"Lu et
traduit"
Plongée dans
les littératures de Méditerranée
Les filles
des prairies
Maha Hassan
Riad
el-Rayyes, Beyrouth, 2011
, 151 p.
Lu et
traduit par Marie Charton
Une terrible
angoisse saisit Sharif lorsqu’il découvre que sa fille a hérité des yeux verts
de sa défunte mère. Faut-il y voir le signe de la malédiction que portait la
disparue? L’enfant, prénommée Sultana, grandit, devient adolescente et inéluctablement,
la prophétie se réalise. Elle rencontre Ibrahim, tombe amoureuse et alors que
le mariage entre les deux jeunes gens est inenvisageable, se découvre enceinte.

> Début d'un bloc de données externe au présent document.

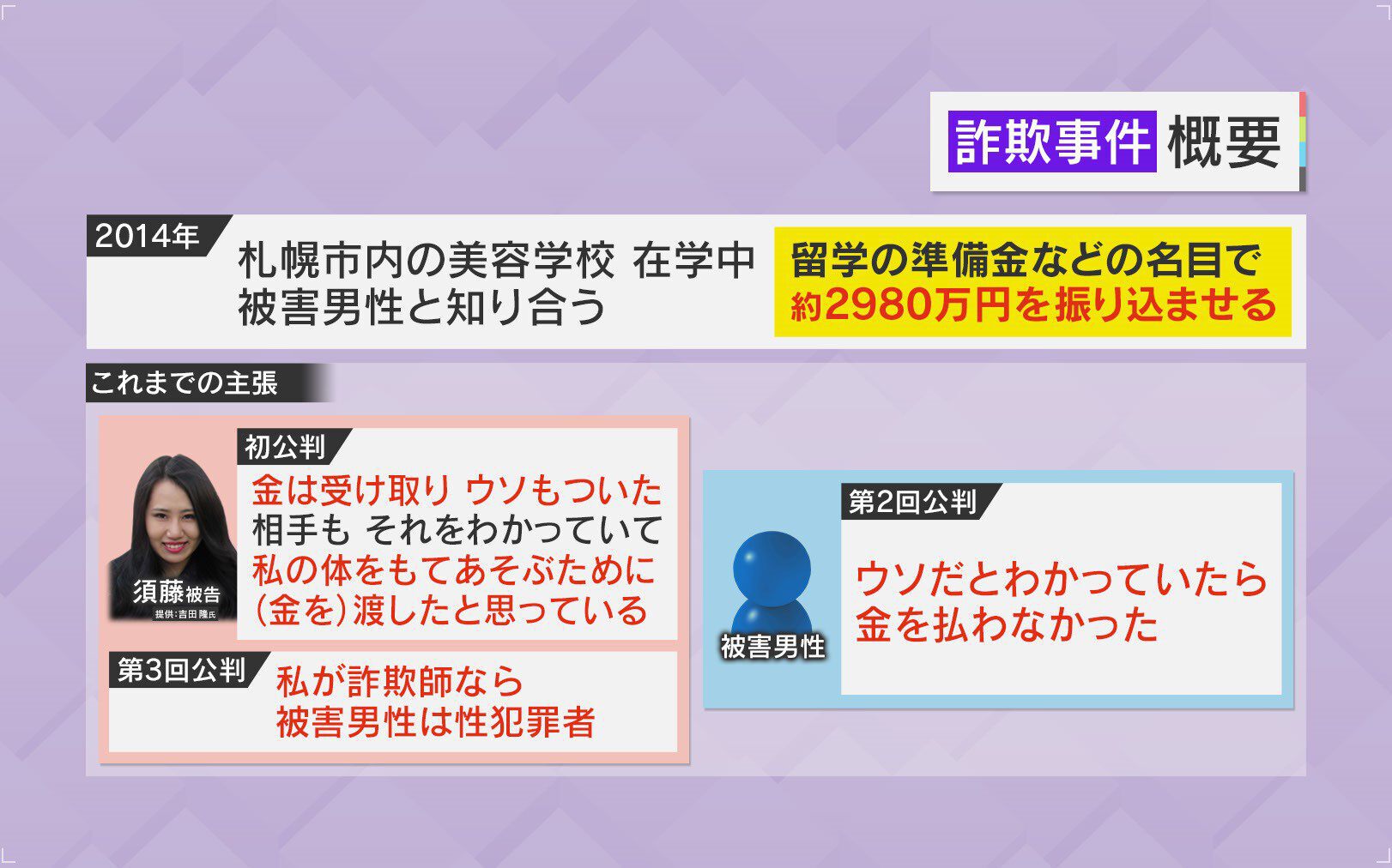 これまで須藤被告は「金は受け取り、ウソもついた。相手もそれをわかっていて、私の体をもてあそぶために(金を)渡したと思っている」とウソは認めていました。そして、「私が詐欺師なら被害男性は性犯罪者」と主張していました。

Imprégné de réalisme magique, le roman s’ouvre sur une scène terrible: au
moment où la tête de Sultana, égorgée par un des hommes de sa famille se
détache de son corps, celle de sa fille, fruit du péché, sort de son utérus. Le
sang envahit le lieu puis le village et la prairie environnante, et tout se
retrouve coloré de rouge. Ibrahim, anéanti par la mort de Sultana, se retire
avec le nouveau-né et fait le serment de la protéger. La malédiction aura pourtant
raison de cette promesse...
Dans ce
roman fort, qui alterne récits bucoliques et moments tragiques, sans verser
dans le pathétique, Maha Hassan va au-delà de la dénonciation du crime
d’honneur comme acte barbare portant atteinte à la vie des femmes. Les coutumes
tyranniques qui confisquent les vies humaines s’inscrivent dans un processus
plus global d’élimination des voix dissidentes qui fait obstacle à
l’émancipation de la société. Un processus qui se nourrit du fatalisme, de la
peur de l’inconnu et de la différence, et dans lequel la société, prisonnière
d’elle-même, se noie dans son propre sang.